Referring now to the drawings, a heating apparatus is shown comprising a transformer 1, the primary of which is connected to a power supply 2 (not shown) via a pair of back to back connected thyristors 3 triggerable to provide a variable voltage to the primary of the transformer. A gate trigger 12 for the thyristors 3 provides phase angle or burst fire power control. Each of the outputs of the secondary of the transformer 1 are connected to a respective copper busbar 4, 5 across which is connected a stainless steel perforate mesh 6. The mesh 6 may be of non-flexible material formed into the required shape. Insulating spacers 7, 8 seperate the two aluminium busbars 4, 5 from stainless steel surrounds 9, 10 which allow quantities of material (not shown) to be loaded onto the perforate sheet without spillage. A collection container 11 for receiving the heated material is provided.

In operation, the material to be heated is loaded onto the perforate mesh 6 and a low voltage high current (generally up to 20,000 A although greater in some circumstances) derived from the transformer 1 is passed through the perforate mesh 6. Resistive heating of the mesh 6 results in heating of the material.
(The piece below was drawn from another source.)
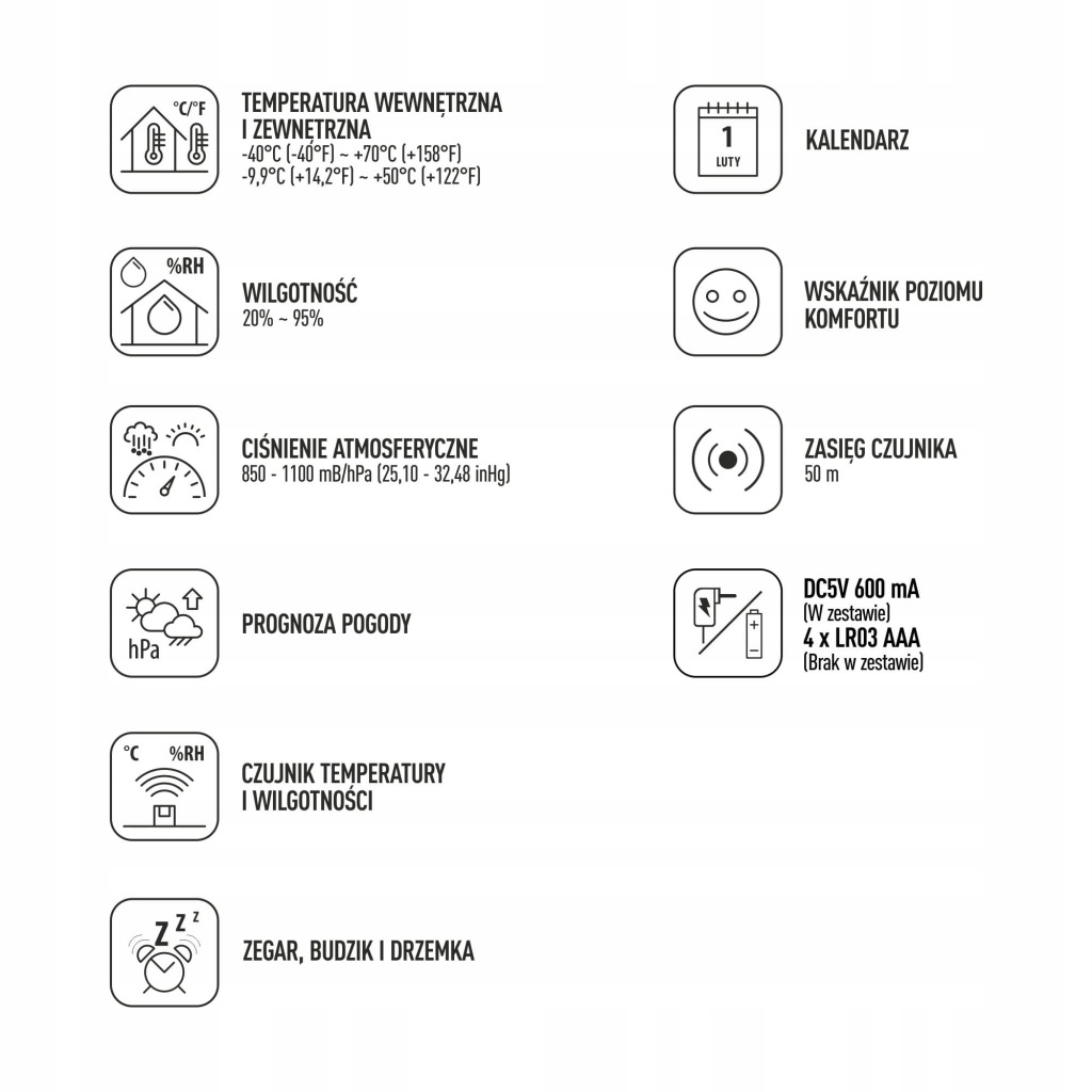 - багатофункціональна станція завдань - Вимірювання і відображення температури, вологості повітря, тиску і прогнозування погоди разом з вбудованим будильником і календарем - все це в одному практичному пристрої.Чи>

For material which is to be melted, heating of solid portions of the material continues until those portions are sufficiently liquid to pass through the perforations of the mesh 6 and into the collection container 11. It will be appreciated that the residence time for which material is in thermal contact with the heated mesh 6 is relatively short so that burning of the material is substantially prevented.

Independant control of the flow rate from the mesh and the temperatue of material delivered from the mesh may be provided for by varying the current supplied to the mesh 6 and the shape of the mesh 6.

For instance, in Figure 2 there is shown a flexible mesh 6 which is elongated compared with that shown in Figure 1. Consequently, melted material has a tendency to run along the mesh, remaining in contact for longer than it would do with the mesh shown in Figure 1 and thus reaching a higher temperature before eventually running off. Adjustable bars 15 are provided to allow for the variation of the shape of the mesh 6. Conversely, increasing the current to the mesh 6 will increase the rate of melting and therefore the flow rate. In addition, varying the temperature of material delivered may also be achieved by changing the arrangement or material of the mesh.

Generally, material is gravity fed towards the mesh 6 although a varitey of pressure applying devices, such as pneumatic rams, may also be utilised when necessary.

In addition, some circumstances may require the provision of means for scraping unwanted material from the mesh 6 in particular from the underside of the mesh 6. This may be the case when very viscous liquids are being heated or when solid materials are being heated to the point at which they are only just beginning to melt.

Claims (7)

CLAIMS:

1. Heating apparatus for heating material comprising perforate means adapted to receive material to be heated and means to heat the perforate means to heat said material received thereby.

2. Heating apparatus as claimed in Claim 1 wherein the perforate means is arranged to be resistively heated and the means to heat is arranged to supply electrical current to flow in the perforate means.

3. Heating apparatus as claimed in either Claim 1 or Claim 2 wherein the perforate and the means to heat are arranged to cause heated material to flow through the perforate means at a predetermined temperature and/or flow rate.

4. Heating apparatus as claimed in Claim 3 wherein the perforate means is flexible and there is provided means to arrange the perforated means into a predetermined shape.

5. Heating apparatus as claimed in any preceding claim further comprising supply means supplying material to said perforate means and being adapted to apply predetermined pressure on said material towards the perforate means.

6. Heating apparatus as claimed in any preceding claim further comprising scraping means adapted to remove adhering material which has passed through the perforate means.

7. Heating apparatus as claimed in any preceding claim wherein the perforate means is one of the following: perforate sheet; expanded metal sheet; cross wire screen; wire mesh screen; rod or wire arrangement with no cross connections.